Wat zou er gebeuren tijdens de wederkomst?
wat zou er allemaal gebeuren tijdens zijn wederkomst ? en wat zei Jezus zelf over zijn wederkomst ?
‘Want de Zoon des mensen zal komen in de heerlijkheid van Zijn Vader, met Zijn engelen, en dan zal Hij ieder vergelden naar zijn daden.’
(Mattheus 16:27)
Jezus zei dat Hij zou komen om ieder te vergelden naar zijn daden. Dat betekent dat Hij zou komen om te oordelen. Dit is dus wat er zou gebeuren tijdens de wederkomst: VERGELDING. Ook de apostel Paulus zei dat de wederkomst van Jezus betekende dat Hij zou STRAFFEN:
'…wanneer Jezus, de Heer, vanuit de hemel verschijnt. Dan komt hij in een vlammend vuur en omringd door engelen, door wie hij zijn macht manifesteert; dan straft hij hen die God niet erkennen en het evangelie van onze Heer Jezus niet gehoorzamen.’
(2 Tessalonicenzen 1:6-8)
De apostel die de brief aan de Hebreeen schreef, zei hetzelfde:
'Mij komt de wraak toe, Ik zal het vergelden! En wederom: De Heer zal zijn volk oordelen. Vreselijk is het, te vallen in de handen van de levende God! (…) Want nog een korte, korte tijd, en Hij die komt zal er zijn en niet op Zich laten wachten.’
(Hebr. 10:30-31, 36)
Ook hier wordt gezegd dat 'Hij die komt' zou komen om wraak te nemen, te vergelden en te oordelen. Jezus Christus en Zijn apostelen zeiden dus unaniem dat de wederkomst een tijd zou zijn waarop Jezus zou komen met Zijn legers engelen, met een hevig vuur, om Gods volk te oordelen. Het zou vreselijk zijn te vallen in Zijn handen, Hij zou komen om te straffen.

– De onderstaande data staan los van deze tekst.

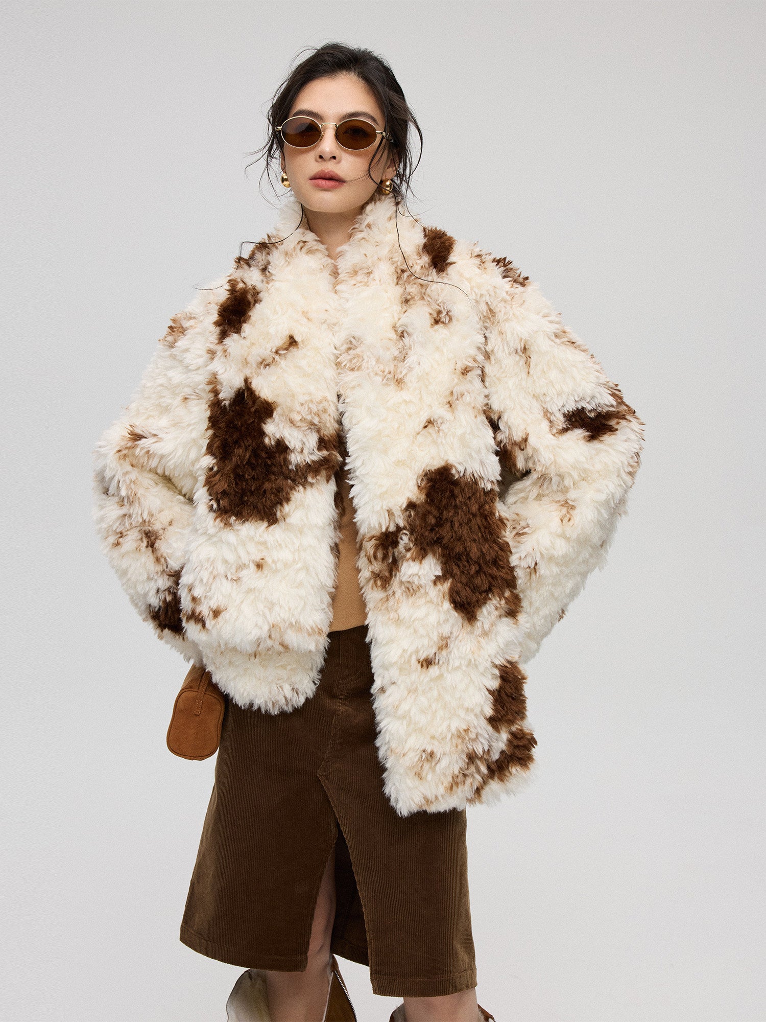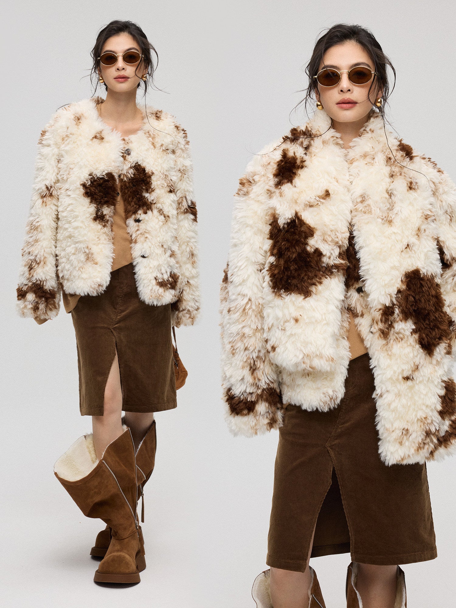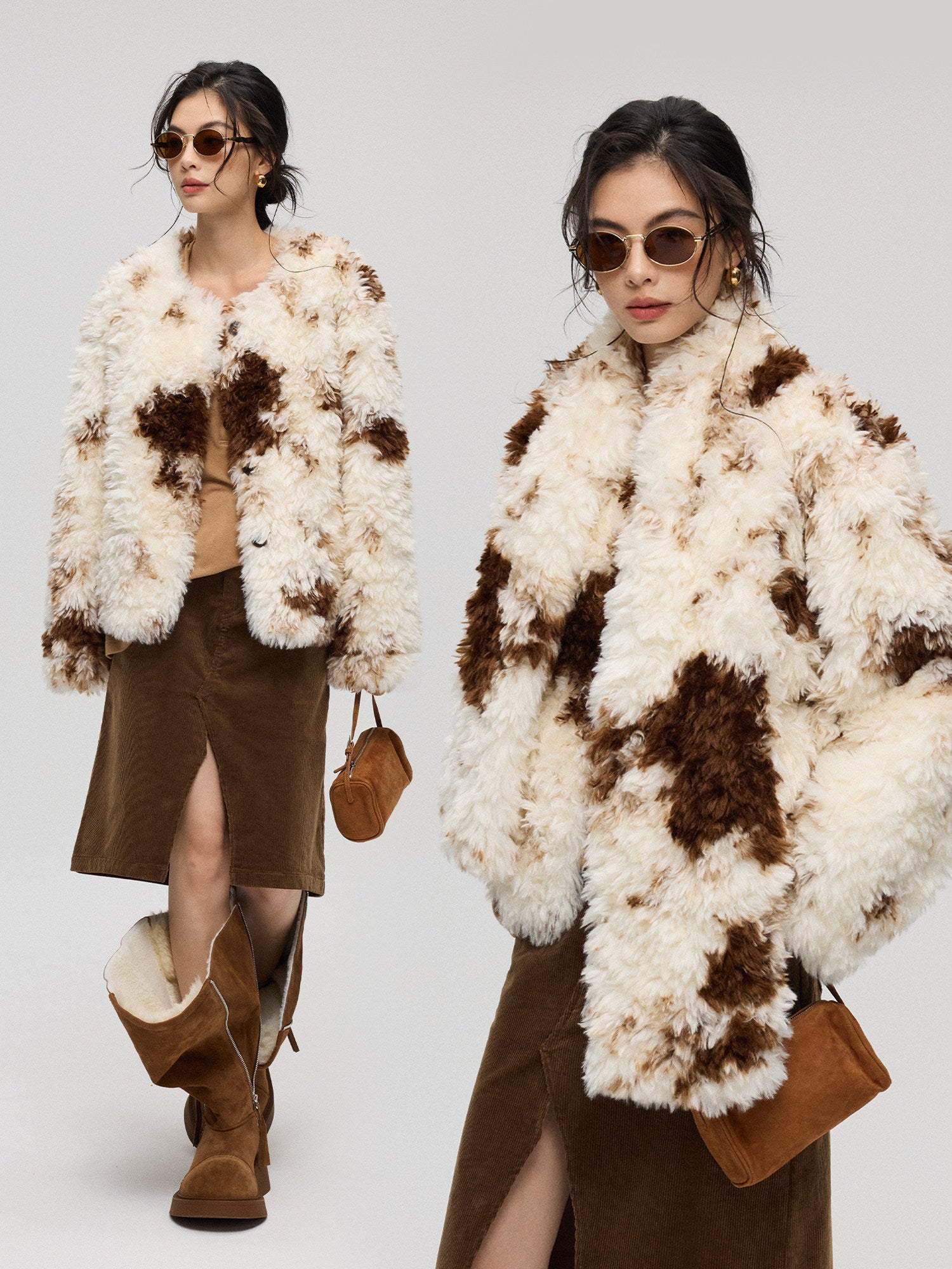 混色プリントが特徴のエコファー短丈アウター。ふんわり柔らかい質感で高級感のある仕上がり。付属のマフラーとセットで防寒性とデザイン性を両立。軽量で着回しやすく、秋冬コーデの主役になるアイテム。

Wraak, vergelding, vuur, oordeel, straf, vreselijk... De wederkomst zou dus iets verschrikkelijks zijn!
Jezus zou komen om te oordelen.
maar wie zou dat zijn
'Ik verzeker u, broeders en zusters: het evangelie dat ik verkondigd heb, is geen zaak van mensen. Ik heb het ook niet van een mens ontvangen of geleerd, nee, het is me geopenbaard door Jezus Christus.' (Galaten 1:12)
Het woord apostel betekent 'gezonden met gezag om degene te vertegenwoordigen die je gezonden heeft'. Paulus was dus een directe vertegenwoordiger van Jezus Christus. Hij werd ook geweldig vervolgd, net zoals Jezus vervolgd werd. Daarom heeft Paulus autoriteit.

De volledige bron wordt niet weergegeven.